Aesthesis, noesis, or both? Enactivism meets representationalism in aesthetics
Phenomenology and the Cognitive Sciences November 22, 2024 Peer reviewed DOI: 10.1007/s11097-024-10042-7 via Semantic Scholar
Summary
Enactivist and representationalist models of the mind are often seen as incompatible, but they can be combined to explain aesthetic judgment. The main disagreement between them does not apply to aesthetic judging, which involves subjective, embodied metacognitive evidence.

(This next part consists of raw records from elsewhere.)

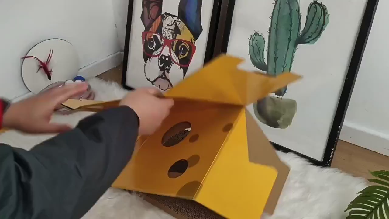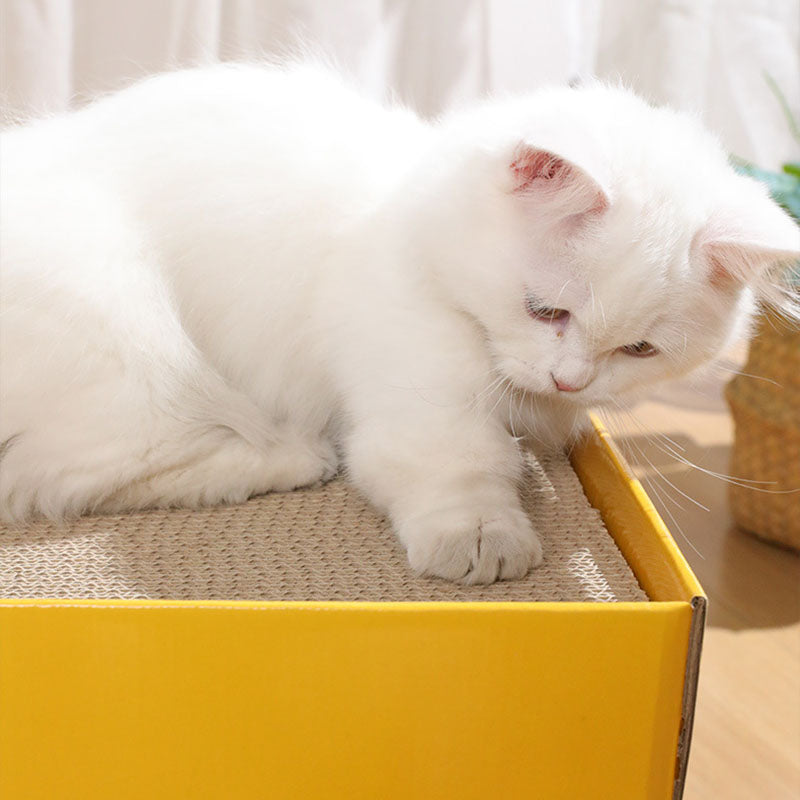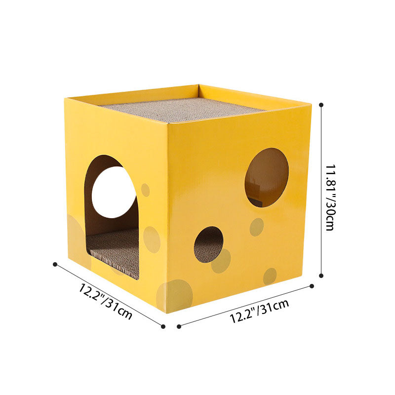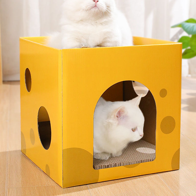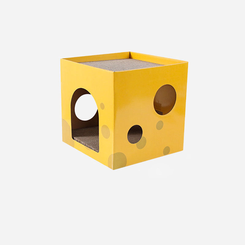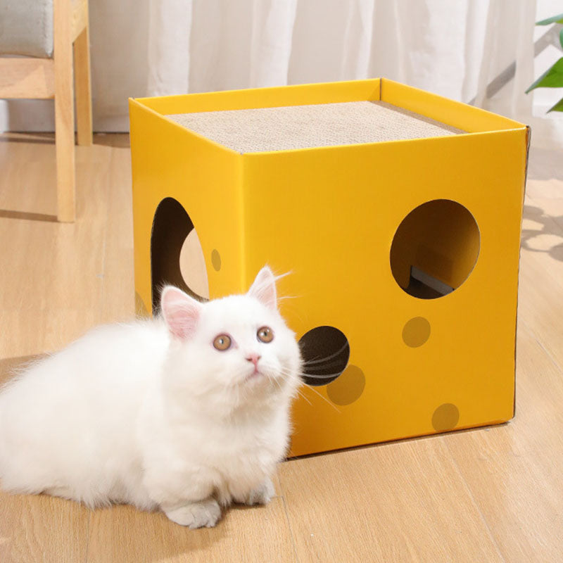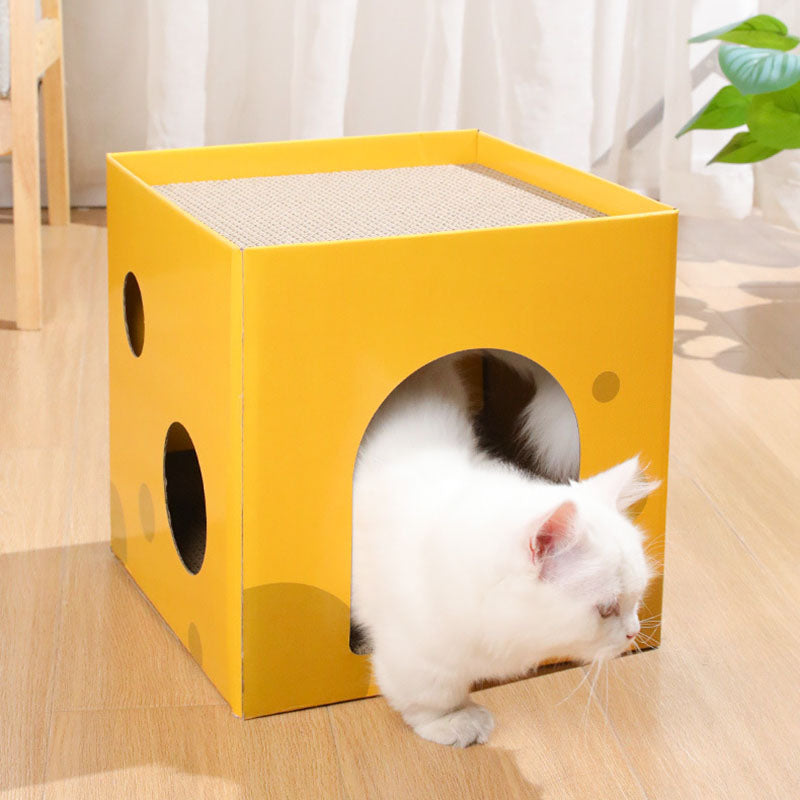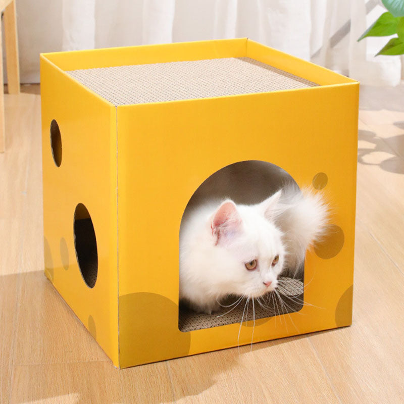 This modern minimalist cat bed, crafted from durable corrugated paper and designed as a square cheese box, features a 1-hole cozy space for your feline. In a bright yellow hue, it's scratch-resistant and wear-proof, fitting seamlessly in living rooms or bedrooms while serving as both a comfortable resting spot and an effective scratching tool.
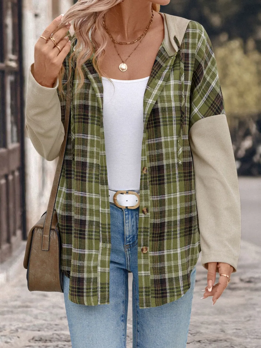 Drawstring Plaid Long Sleeve Hooded Shirt
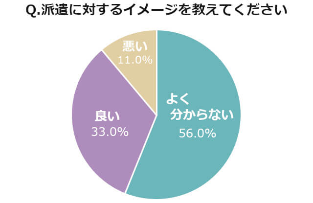 以前美プロ内で「派遣に対するイメージを教えてください」というアンケートを実施した際に、半数の人が「よく分からない」という回答をするという結果に!(グラフ参照)本当は多くのメリットがあるのに、知らずに避けてしまうのはもったいないですよね。
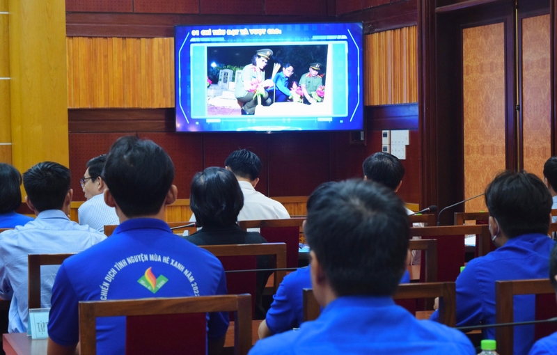 Các đại biểu tham dự Hội nghị xem phóng sự tổng kết Chiến dịch Thanh niên tình nguyện hè 2022
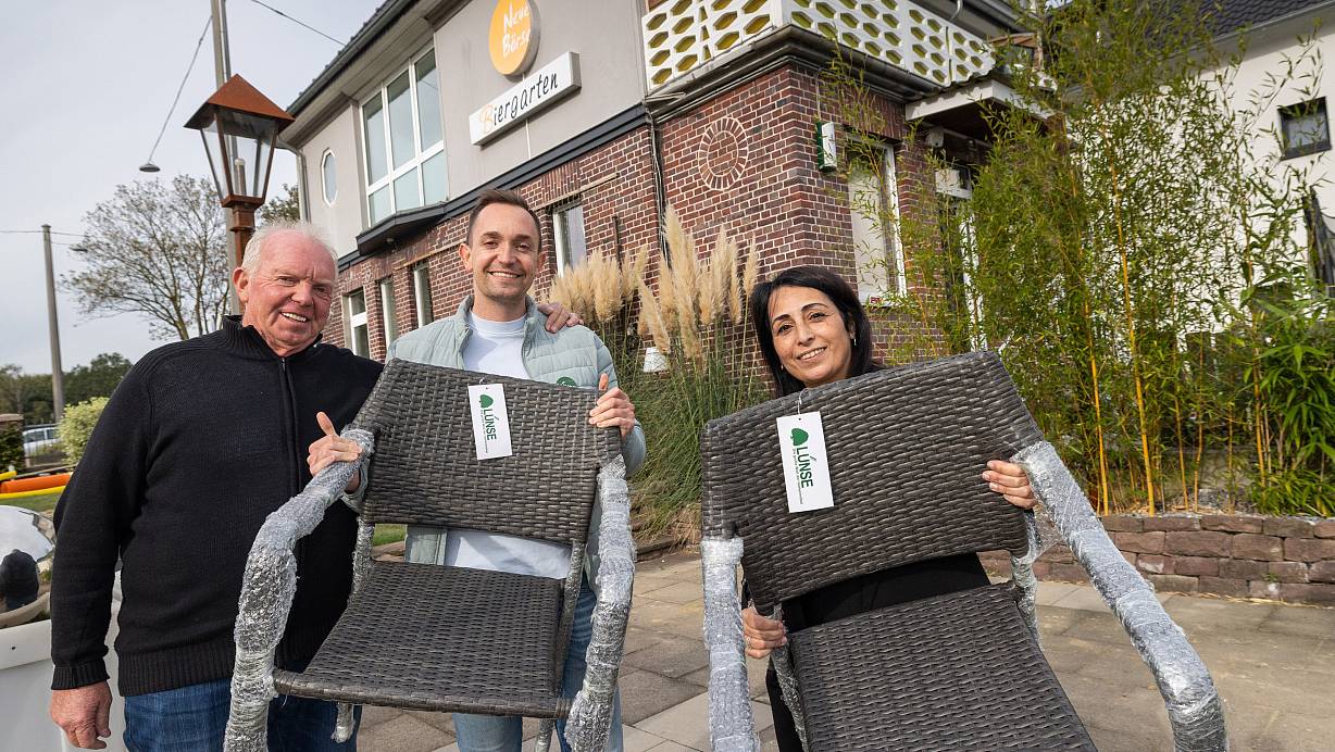 Hans und Tim Lünse spenden aus dem Fundus ihres Gartenmöbelcenters der Betreiberin der "Neuen Börse", Nasrin Haideri, 20 neue Stühle. | © Oliver Krato

A merged model—representational enactivism—treats the aesthetic subject as an emergent functional system while describing its sub-systems in representationalist terms, allowing us to draw on the strengths of both approaches.
Study at a glance
| Design | theoretical or philosophical paper |
|---|---|
| Key finding | Enactivist and representationalist models can be merged in a representational enactivism account of aesthetic judgment, treating the aesthetic subject as an emergent functional system with representationalist sub-systems. |
Abstract
Two types of systemic models of the mind – the enactivist and the representationalist model – are often depicted as contradictory and mutually exclusive. In this article, I investigate whether they can meaningfully coexist in a viable account of forming aesthetic judgments. I argue that the two models can simultaneously contribute to the understanding of aesthetic judging as an affective cognitive process. First, I clarify why the main disagreement between the models does not apply to the case of aesthetic judging. Second, I trace a possible path for how the two models could be merged in the field of aesthetics. My main argument draws on the idea that perceiving aesthetic value does not belong to basic cognition that can be seen as either enactive or representational, and that hence we can choose to pick the best of both worlds. In other words, we can and indeed should incorporate aspects of both models to do justice to the phenomenon of aesthetic judging. Perceiving aesthetic value requires subjective, or embodied, metacognitive evidence. This representational enactivism entails that the aesthetic subject can be seen as an emergent functional system while the functional sub-systems that constitute the subject can be characterized in representationalist terms.